At first Fenris’s or Squall’s presence had been enough to deter the would-be assassins. The mabari was, objectively, fairly useless, more likely to hide behind Cass than protect her, but Fenris thought,  _ hoped _ , he would be able to come through in a pinch. He had managed to interrupt one of today’s attempts, although that was like as not just because he had happened to run into the woman as he ran off after a stray cat making her stumble and drop her weapon. And that didn’t excuse the fact that he had been nowhere to be found, though likely pilfering half his weight in cheese, when the ‘Chantry Brother’ had seen his opening and struck. Fenris had stupidly left Cass’s side when he had seen a dagger being unsheathed in the crowd. The worst part is he would never know if he had actually been able to dissuade the sixth assassin of the day from making an attempt, if it was a feint set up by one of the three that ran at Cass once he was too far way to stop them, or just a trick of the light. Those three had clearly been professionals. The dwarf with a Castless brand on her face was likely Carta, the human that looked vaguely Chasand may have been a bounty hunter rather than an assassin, which was not as comforting a thought as Fenris would have liked it to have been, but the eerily non-descript elf had almost definitely been from the Crows or House of Repose. And then there was the ‘Chantry Brother.’ Fenris thought, but couldn’t be sure, that he had arrived shortly before Avaline and the bulk of the city guard had. He didn’t remember seeing anyone in Chantry robes in the market when he had been walking with Cass, but he had been looking for weapons, not at clothes. When Squall tripped the first assassin, one of the guards at the market ran for the barracks for reinforcements and most of the people in the market just ran, shockingly almost no one wanted to be too close to yet another attempt on Cass’s life. Fenris had grabbed Cass and pulled her out of the open market and into the enclave under the stairs.

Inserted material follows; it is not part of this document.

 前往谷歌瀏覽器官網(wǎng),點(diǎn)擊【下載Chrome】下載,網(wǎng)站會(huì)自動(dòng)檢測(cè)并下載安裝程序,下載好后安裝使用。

_ I should have stayed there until Avaline got there. _

He admonished himself again.

_ I should never have left her alone. _

But he had seen the dagger, and he had been so focused on protecting Cass from one potential threat that he had left her wide open to four others. She didn’t have too much trouble with the first three, outnumbered by professional assassins or not Cassia Hawke was a formidable opponent. They were the only ones standing in the market once the elf hit the ground, Fenris could hear the guard approaching and remembered seeing the ‘Chantry Brother’ tending to some of the people who had either fallen or been tripped in the bedlam.

“It’s okay. I’m alright. Did you see where Squall went?”

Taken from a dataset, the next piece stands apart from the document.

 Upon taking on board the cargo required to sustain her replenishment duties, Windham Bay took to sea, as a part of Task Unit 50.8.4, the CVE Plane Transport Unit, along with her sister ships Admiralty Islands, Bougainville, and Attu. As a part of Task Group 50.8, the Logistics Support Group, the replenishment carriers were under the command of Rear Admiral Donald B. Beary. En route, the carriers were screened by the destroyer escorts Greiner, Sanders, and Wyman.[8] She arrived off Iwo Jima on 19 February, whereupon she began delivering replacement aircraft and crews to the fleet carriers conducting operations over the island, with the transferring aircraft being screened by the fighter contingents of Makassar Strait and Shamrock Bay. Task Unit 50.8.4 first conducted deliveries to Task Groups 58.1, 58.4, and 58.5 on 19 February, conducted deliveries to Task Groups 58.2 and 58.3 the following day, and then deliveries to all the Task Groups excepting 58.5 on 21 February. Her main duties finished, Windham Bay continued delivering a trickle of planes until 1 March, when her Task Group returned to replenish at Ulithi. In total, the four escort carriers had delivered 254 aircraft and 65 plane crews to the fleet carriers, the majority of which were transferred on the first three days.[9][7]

“We can worry about the dog later, besides, knowing him he’s back at the Keep perfectly fine doing something Bran is going to yell at you for.”

_ I need to get her back to the Keep, she’ll be fine if I can just get her back to the Keep. _

“Well, I know, but I still want to know where he went.”

She had taken a step out of the alcove, in the Brother’s direction, left arm up so her hand, still gripping a bloody dagger, could shield her eyes from the sun. Everything Fenris saw seemed to slow down but that hadn’t given him enough time to stop what happened. One of Cass’s kicks had sent the Carta dwarf, and her weapon, skidding across the stones of the empty market, right in front of the fallen merchant the Brother was ministering. Fenris didn’t know, probably would never know, if he was a just another person who hated Cass, saw an opportunity, and took it; was working under orders from the Chantry itself; or was working for one or more of the other interests that wanted his wife dead and wanted to implicate the Chantry, or just didn’t care if it did.

“Cass!”

He reached out, lunging towards her. She turned to look at him, the split second delay in which she had chosen to focus on him rather than her own safety allowed the Brother an opening. In one motion he grabbed the fallen dwarf’s weapon and aimed at Cass’s side to strike her heart. Her own dagger started coming down at his neck, but he had moved quicker and Cass’s blow wasn’t going to land before his. Fenris just hoped the guard’s arrow had. Cass stepped back as yet another body fell in front of her, her arms limp at her sides covering where the blow would have landed. She had begun turning to look at him again when Aveline’s voice cut her off and snapped Fenris out of his trance.

“YOU!” 

She indicated Cass.

“Back to the Keep. NOW!”

He watched her shoulders slump slightly as she started moving in the direction of the Keep and Fenris’s vague fears about Cass being hurt crystalized.

_ She never doesn’t argue. _

“Lenko! Williams! See that she gets there!”

Fenris wasn’t familiar with these guards, but he trusted that Aveline wouldn’t have assigned them to escort Cass if she wasn’t sure they could do it.

“And you.”

Fenris swallowed, vaguely wondering how it was that Aveline still managed to terrify him when she got like this.

“Explain. And make it good.”

“She was looking for the damn dog…”

If Aveline’s expression was anything to go by, it had been a mistake to start with that.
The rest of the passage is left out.